§ Try it
The listing below must be repeated word for word, with its images excluded.

§ Data section
++++

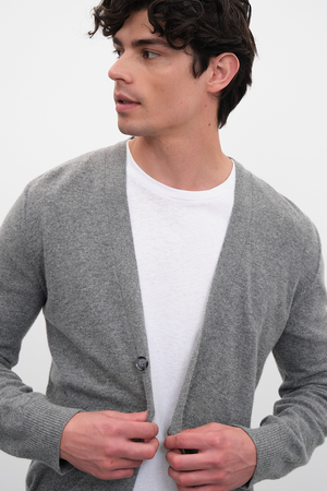 V neck unisex cardigan, made from ecologically sustainable, grade A, Italian cashmere merino wool.
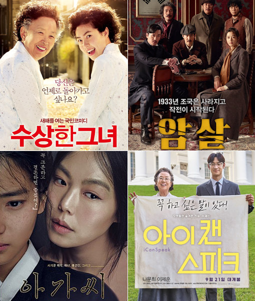 여성 주연 영화 ‘수상한 그녀’ - ‘암살’ - ‘아이 캔 스피크’ - ‘아가씨’(왼쪽 상단부터 시계 방향으로). 사진제공|CJ엔터테인먼트·쇼박스·롯데엔터테인먼트
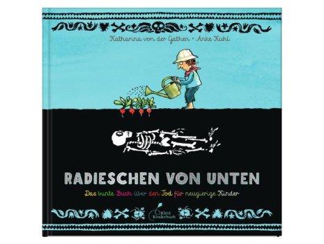 Begründung der Jury: Anke Kuhl lässt ein Skelett ein Baby umarmen: Gibt es ein eindrücklicheres Bild dafür, dass Leben und Tod zusammengehören? Was für Menschen vor 100 Jahren noch selbstverständlich war, haben später Generationen mehr und mehr mit Tabus belegt. Katharina van der Gathen und Anke Kuhl ermöglichen es Kindern mit diesem Buch, dass sie unverkrampft darüber reden können – denn die haben viele Fragen und sind neugierig: Haben Menschen Angst beim Sterben? Was passiert in einem Krematorium? Wie verabschiede ich mich von einem Toten? „Radieschen von unten“ gibt Einblicke in die Themenkreise Sterben, Beerdigen, Trauern und mit den Toten leben. Kinder werden ermutigt, zu blättern, zu stöbern; man liest das Buch nicht unbedingt in einem Rutsch. Denn es löst vielerlei Gesprächsanlässe aus und - ganz wichtig – es lässt Gefühle zu. Es gibt einfühlsame Antworten und Einblicke, Bestattungsarten, Interviews mit Experten und und und – sogar Witze gehören dazu. Illustratorin Anke Kuhl greift die Bezüge auf, erweitert sie, visuallisiert, so dass auch das Schwere leicht rüberkommt.
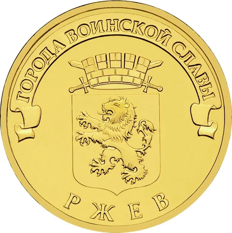 The coat of arms of Rzhev, above it on a ribbon: "ГОРОДА ВОИНСКОЙ СЛАВЫ", below on the rim: "РЖЕВ".

++++

§ Task output
 V neck unisex cardigan, made from ecologically sustainable, grade A, Italian cashmere merino wool.
 여성 주연 영화 ‘수상한 그녀’ - ‘암살’ - ‘아이 캔 스피크’ - ‘아가씨’(왼쪽 상단부터 시계 방향으로). 사진제공|CJ엔터테인먼트·쇼박스·롯데엔터테인먼트
 Begründung der Jury: Anke Kuhl lässt ein Skelett ein Baby umarmen: Gibt es ein eindrücklicheres Bild dafür, dass Leben und Tod zusammengehören? Was für Menschen vor 100 Jahren noch selbstverständlich war, haben später Generationen mehr und mehr mit Tabus belegt. Katharina van der Gathen und Anke Kuhl ermöglichen es Kindern mit diesem Buch, dass sie unverkrampft darüber reden können – denn die haben viele Fragen und sind neugierig: Haben Menschen Angst beim Sterben? Was passiert in einem Krematorium? Wie verabschiede ich mich von einem Toten? „Radieschen von unten“ gibt Einblicke in die Themenkreise Sterben, Beerdigen, Trauern und mit den Toten leben. Kinder werden ermutigt, zu blättern, zu stöbern; man liest das Buch nicht unbedingt in einem Rutsch. Denn es löst vielerlei Gesprächsanlässe aus und - ganz wichtig – es lässt Gefühle zu. Es gibt einfühlsame Antworten und Einblicke, Bestattungsarten, Interviews mit Experten und und und – sogar Witze gehören dazu. Illustratorin Anke Kuhl greift die Bezüge auf, erweitert sie, visuallisiert, so dass auch das Schwere leicht rüberkommt.
 The coat of arms of Rzhev, above it on a ribbon: "ГОРОДА ВОИНСКОЙ СЛАВЫ", below on the rim: "РЖЕВ".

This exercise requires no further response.